Both tracing and reference counting detect garbage at runtime. Surely runtime detection is a requirement of any garbage collector. There has to be garbage before it can be detected, right? No. Rust detects at compile time when memory will become garbage. It does this by imposing a notion of single ownership on allocated memory.

When a normal variable is bound to a value, that variable becomes its sole owner. In this code, the message variable is the owner of a heap string:

Rust
{
  let message = String::from("You are not alone.");
} // scope closes, and message is automatically freed

A value has exactly one owner. The compiler examines the lifetime of this owner by inspecting (but not running) the source code. When that owner's lifetime ends due to scope changes or reassignment, the compiler inserts a free call in the generated machine code. A Rust program does not experience the unpredictable interruptions of tracing nor does it maintain counts of an object's references. The free calls are all inserted through the compiler's static analysis, not runtime checks.

This collection strategy is viable only because values have a single owner. If multiple owners were allowed, identifying an allocation as garbage would be incredibly complex. But how can a value have only a single owner?
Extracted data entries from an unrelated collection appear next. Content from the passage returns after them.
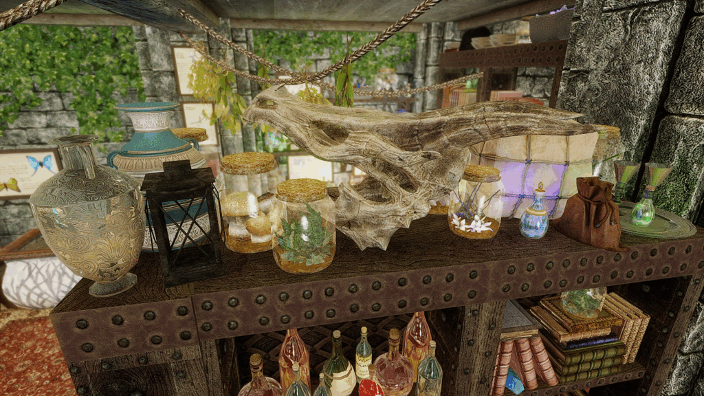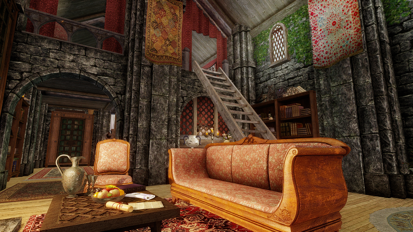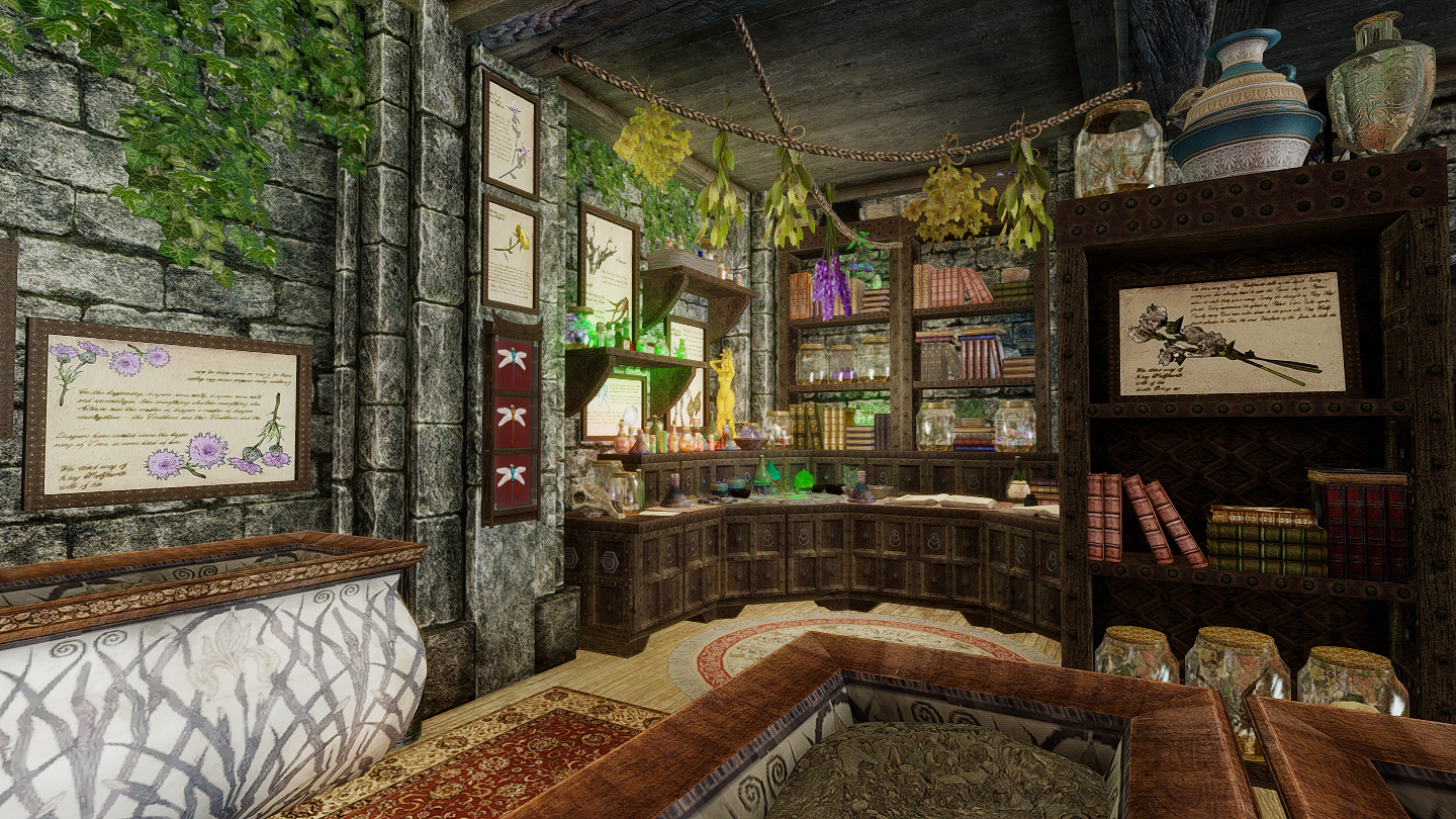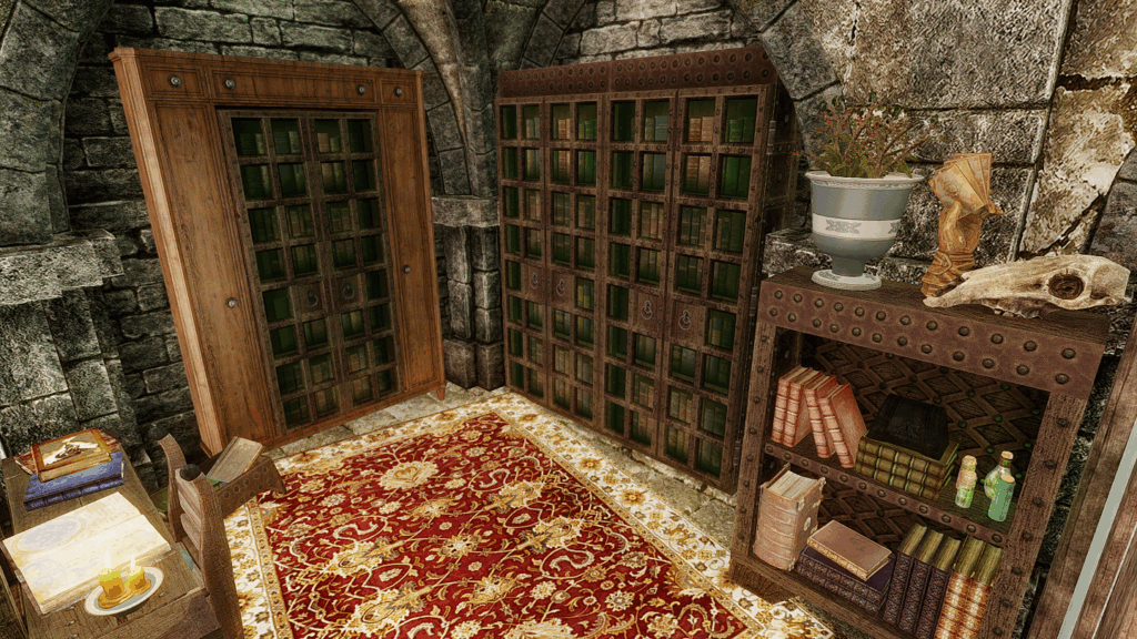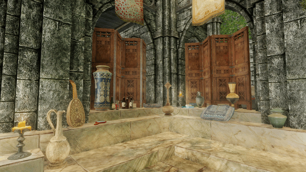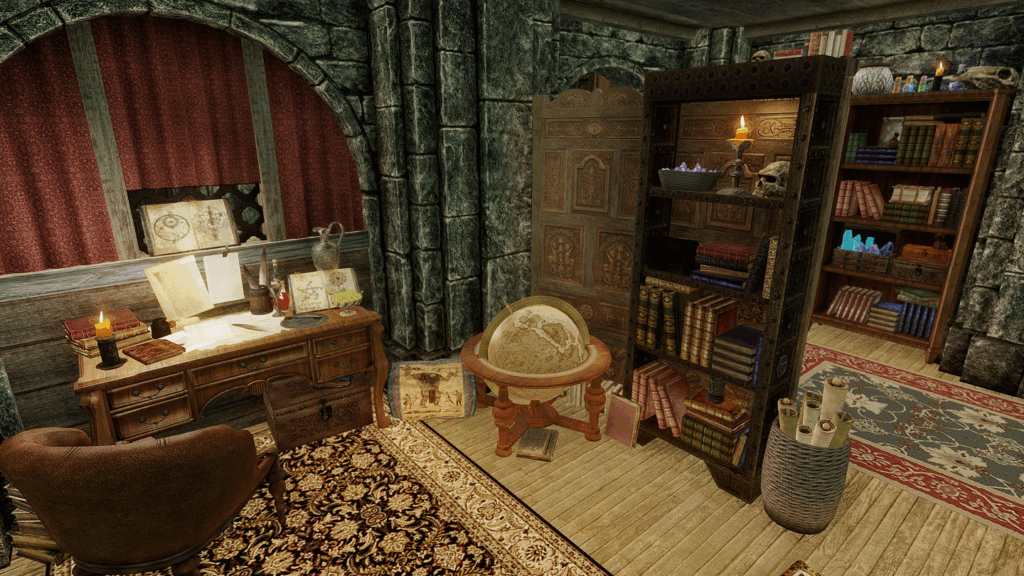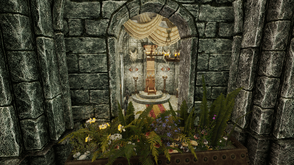大規模な集落・家追加MODです。屋内外の隅々まで丁寧に作り込まれているのがとても感じられました。衛兵の詰所のような場所に、恐らく暇つぶしに使っているのであろうカードゲームやお酒が置かれているのが特に印象に残っています。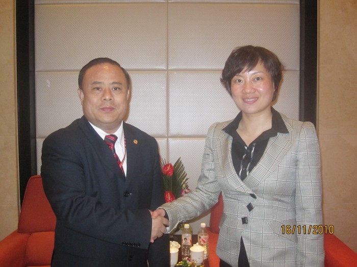 图:(一)杭州市副市长佟桂莉会见李桂雄会长时影。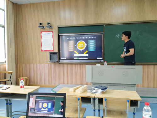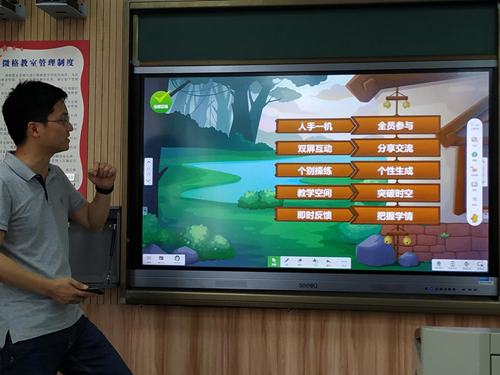 之后四場專家講座,王琦峰和陳科軍兩位老師就在語文課堂和數學課堂上交互式課件的運用與制作做了專題講座。介紹了在交互式課件中的各類技術應用。林森老師以“信息技術推進課堂教學變革”開場講了以北師大易課堂為例的學生互動式白板的實踐應用,并讓老師們體驗了希沃平板的使用。楊開遠老師通過
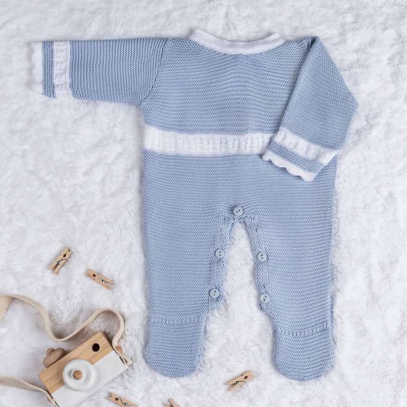 • Macacão manga longa com detalhes em tricot trança branco, abotoamento nas costas e no cós para facilitar as trocas de fraldas.
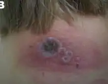 Cowpox is an infection caused by the cowpox virus (CPXV).[3] It presents with large fluid filled bumps in the skin, a fever and swollen glands, typically following contact with an infected cow.[2] The hands and face are most frequently affected and the spots are generally very painful.[4]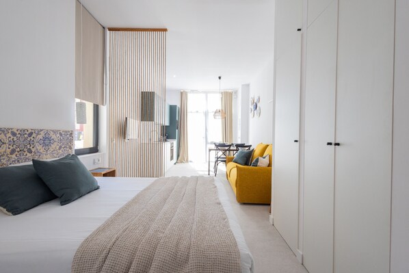 Enjoy the freedom of the fully equipped kitchen, with everything you need to prepare your meals: fridge, oven, microwave, hob, toaster, water heater and coffee machine with complimentary coffee capsules and infusions.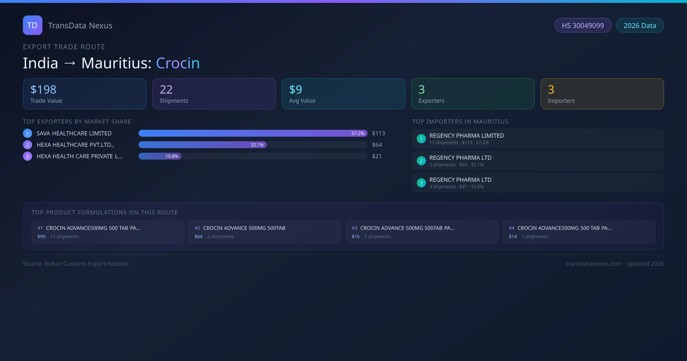 India has recorded 22 verified shipments of Crocin exported to Mauritius, representing a combined trade value of $198 USD. This corridor is served by 3 active Indian exporters, with an average shipment value of $9 USD. The leading Indian exporter is SAVA HEALTHCARE LIMITED, which accounts for 57% of total export value with 17 shipments worth $113 USD. On the buying side, REGENCY PHARMA LIMITED is the largest importer in Mauritius with $113 USD in purchases. The top 3 suppliers — SAVA HEALTHCARE LIMITED, HEXA HEALTHCARE PVT.LTD., , HEXA HEALTH CARE PRIVATE LIMITED — together control 100% of total trade value on this route. All data sourced from Indian Customs (DGFT) shipping bill records. Values reported in FOB USD.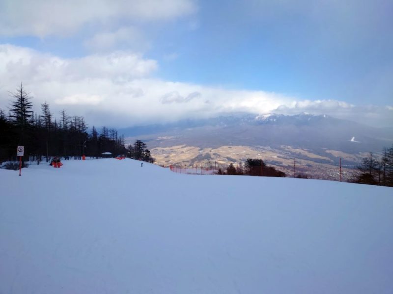 ゴンドラの山頂駅から。 ゲレンデには雪がたっぷり。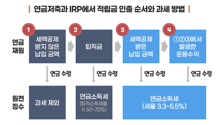 연금저축과 IRP 가입자가 연금을 신청하면, 금융회사는 법에서 정한 순서에 따라 연금을 지급하는데요. 이 순서가 자금의 원천에 따라 결정되며, 부과되는 세금도 정해집니다.
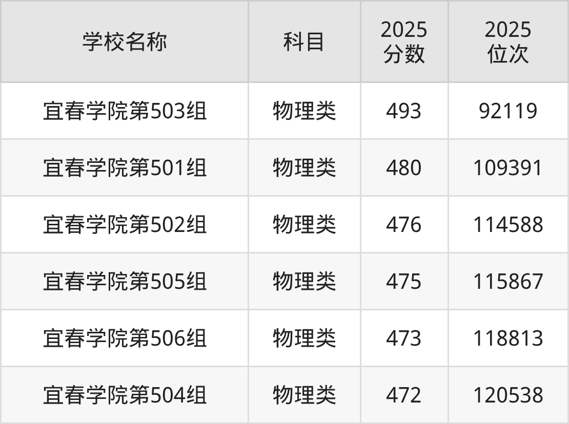 下文为2025年宜春市本科大学在江西物理类录取分数线和位次排名表,供大家参考: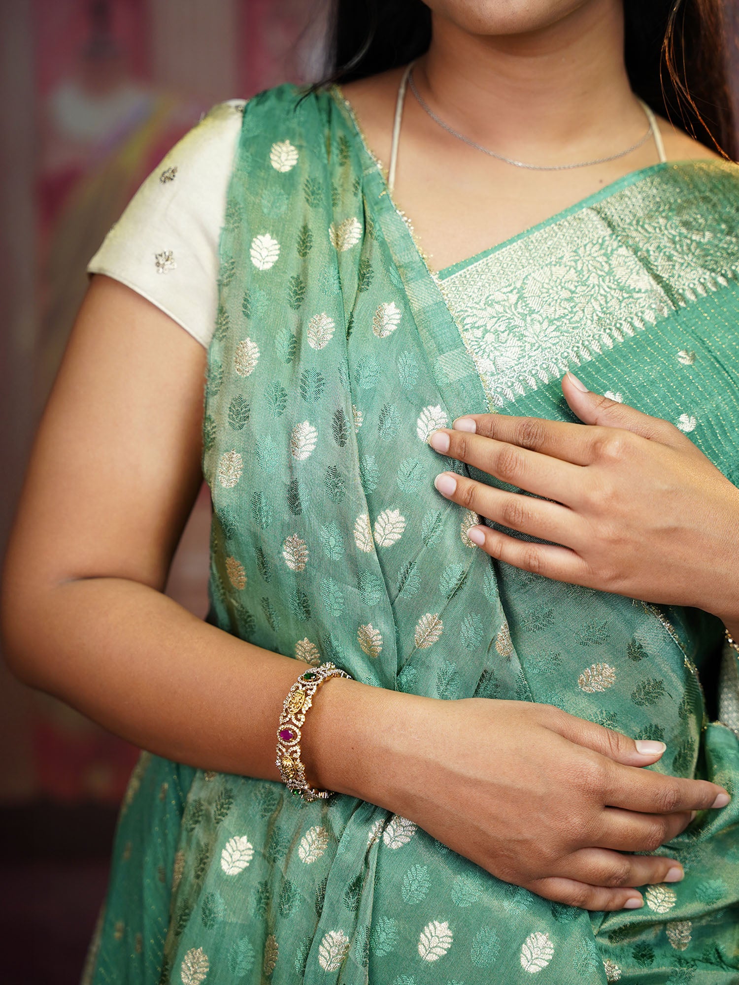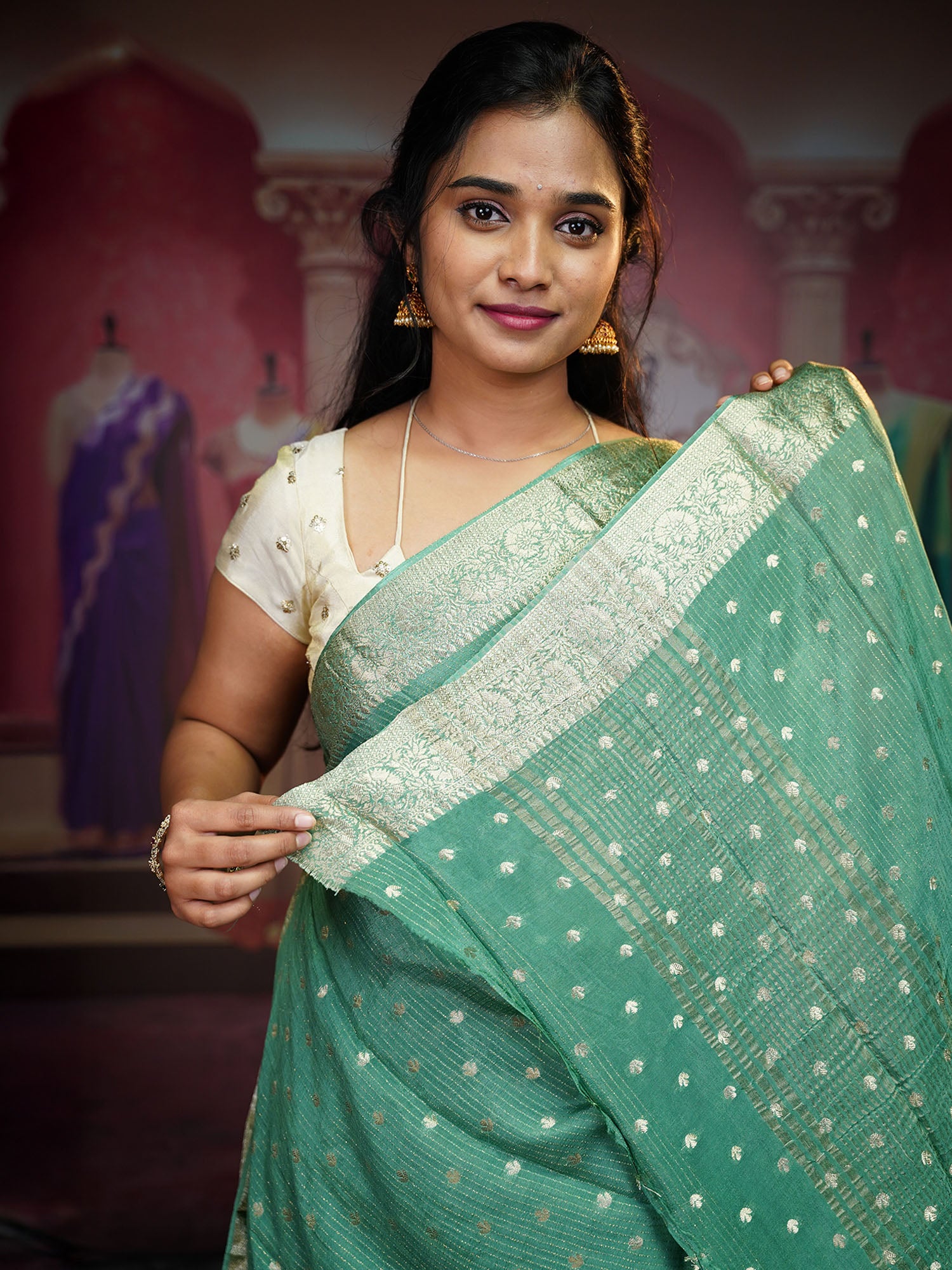 Drape yourself in elegance with this stunning Korean Crepe Saree featuring shimmering golden buttis scattered across the fabric and a gorgeous matching border. The luxurious crepe texture offers a graceful drape that flatters every silhouette, while the teal blue base creates a mesmerizing canvas for the intricate golden embellishments. Perfect for weddings, festivals, or those moments when you want to turn heads. Lightweight yet sophisticated, this saree brings together traditional charm with contemporary flair—because looking absolutely radiant should feel effortless."

How can data be shared with functions if it is owned by the caller? How can objects be added and retrieved from a collection?

Moving

A value has only one owner, but ownership may change hands by moving the value to a different owner. Movement happens in two situations. The assignment operation in this code moves the heap string from its original owner verb to its new owner label:

Rust
let verb = String::from("submit");
let label = verb;

Additionally, passing a value as an actual parameter is by default a move to the formal parameter. In this code, label becomes the new owner of the heap string upon the function call:

Rust
fn main() {
  let verb = String::from("submit");
  show_button(verb);
}

fn show_button(label: String) {
  // ...
}

You've seen statements like label = verb in other languages, in which label becomes just another alias to the source object. For example, this C code makes q an alias of p:

C
int *p = (int *) malloc(sizeof(int) * 50);
int *q = p;

Aliasing is trouble. We might free an object through one alias and assign it NULL, but the other alias sticks around as a dangling pointer.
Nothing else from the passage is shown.